AUGUSTA — As the Major League Baseball season gets underway, legislators are looking to regulate — and tax — the fantasy sports leagues that have sprung up around every significant sport.

Under a new proposal unveiled Monday, anyone operating a fantasy league would have to register annually with the Department of Public Safety and pay a fee of up to $5,000 to the state depending on the league’s revenue.

State Sen.
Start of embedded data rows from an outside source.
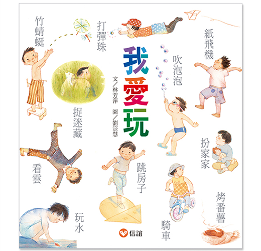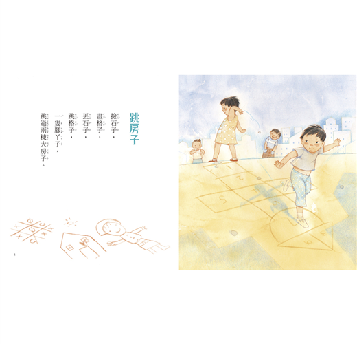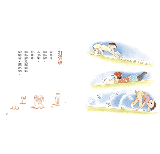 信誼幼兒文學獎作家林芳萍,以懷舊的童年遊戲為題,創作出20首韻律感、動感十足的兒歌。無論是跳房子、打彈珠、紙飛機、竹蜻蜓……還有鄉下的烤地瓜等等,每首兒歌用字簡潔,好讀又好記,字裡行間充滿了遊戲的記憶,和童年的無憂無慮。
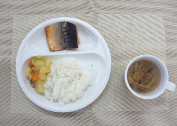 令和6年3月14日(木)の献立 2024/03/14 今日の給食は、「さばのしょうゆ焼き」、「じゃが芋きんぴら」と「切干大根のすまし汁」 おやつは、「牛乳」、「牛乳みかん寒天」と「ハッピーターン」です。 ★「さばのみそ煮」は「さばのしょうゆ焼き」に変更となりました。
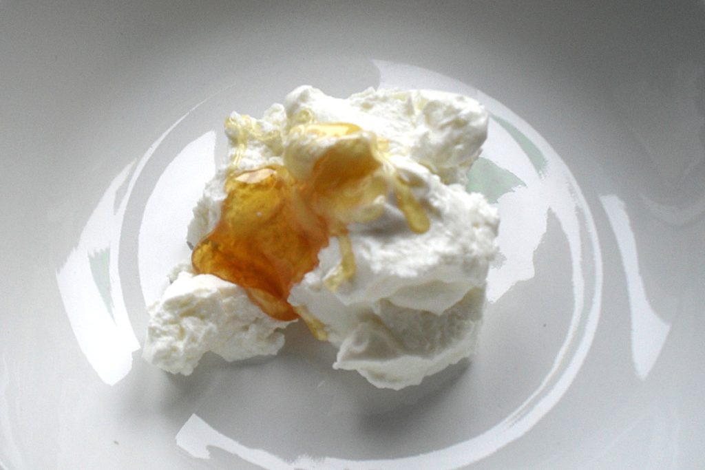 In der Zwischenzeit mische den Joghurt gut mit 2 Teelöffeln Agavensirup, um eine glatte Creme zu erhalten. Wenn du möchtest, kannst du dies im Voraus tun und die Joghurtcreme in den Kühlschrank stellen, um sie besser fest werden zu lassen.
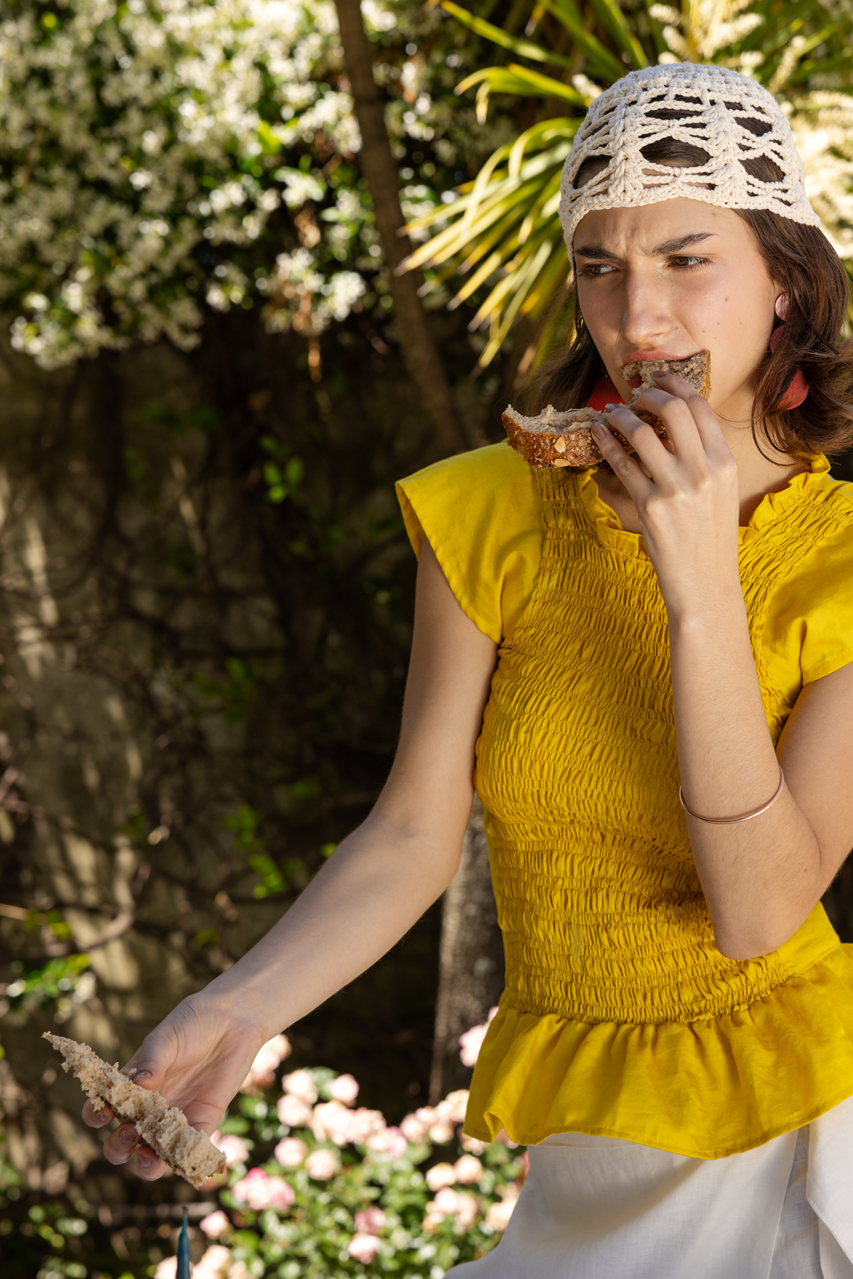 Blusa al cuerpo confeccionada en tela camisera liviana, con un trabajo de smock frontal que acompaña la figura sin comprimir.
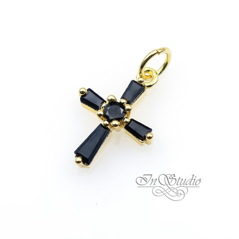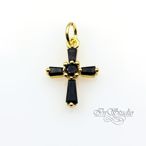 Подвеска Крест кулон 15х11 мм черные фианиты позолота

Roger Katz, R-Augusta, proposed the measure which would clarify the legality of the fast-growing fantasy sports industry, set out regulations for leagues and collect fees from them.
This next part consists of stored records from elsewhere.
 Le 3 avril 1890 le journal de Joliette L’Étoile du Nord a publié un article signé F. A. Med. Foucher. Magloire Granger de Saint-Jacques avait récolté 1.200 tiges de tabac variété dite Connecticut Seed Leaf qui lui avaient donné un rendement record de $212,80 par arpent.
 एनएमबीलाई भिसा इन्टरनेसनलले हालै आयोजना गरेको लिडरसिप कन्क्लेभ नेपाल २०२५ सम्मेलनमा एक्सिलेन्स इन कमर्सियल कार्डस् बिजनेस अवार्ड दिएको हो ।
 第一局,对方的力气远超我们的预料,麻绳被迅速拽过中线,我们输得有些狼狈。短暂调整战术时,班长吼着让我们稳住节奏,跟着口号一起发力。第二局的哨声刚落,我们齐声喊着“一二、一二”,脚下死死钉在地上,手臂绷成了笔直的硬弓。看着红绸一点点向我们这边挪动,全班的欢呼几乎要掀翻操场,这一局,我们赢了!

With millions of fans managing fantasy teams and billions of dollars on the line, fantasy sports long ago moved beyond its nerdy origins among sports fans with a statistics obsession.

Participants generally pay a nominal fee to create a team made up of players in a professional sport whose makeup can shift with trades, drafts and the like. The winners are those who manage to assemble teams whose players post the most impressive numbers in their real-life performances.

As more and more went online — and statistics grew ever more automated for easy use — fantasy sports exploded in popularity, soaring from less than a million people in the 1980s to more than 50 million today. The most successful fantasy players can make big money managing their teams but many leagues are small and payouts modest.


The Fantasy Sports Trade Association estimates the average participant spends $465 annually on the activity, with football the favored sport.

Under Katz’s bill, it would become illegal to operate a fantasy sports league in Maine without registering it with the state each year. They would be required to pay a fee of 10 percent of the fantasy contest operator’s revenues in the past 12 months, capped at $5,000.

They would also have to abide by new state standards that would, among other things, bar leagues from using high school and college players and verifying that those participating in the leagues are at least 18 years old. In addition, the employees of fantasy sports operators, as well as any athletes and officials who could impact the games the contests are built on, would not be allowed to play.

Among those joining with Katz to push the bill are the Republican and Democratic leaders in the Senate and Reps. Jared Golden, D-Lewiston, and Jeff Timberlake, R-Turner.

Other states that have already begun regulating the industry include Colorado, Indiana, Massachusetts, Missouri, Mississippi, New York and Virginia. Some states, though, have barred the leagues as a form of illegal gambling.

The measure is likely to be sent Tuesday to the Committee on Veterans and Legal Affairs for its consideration.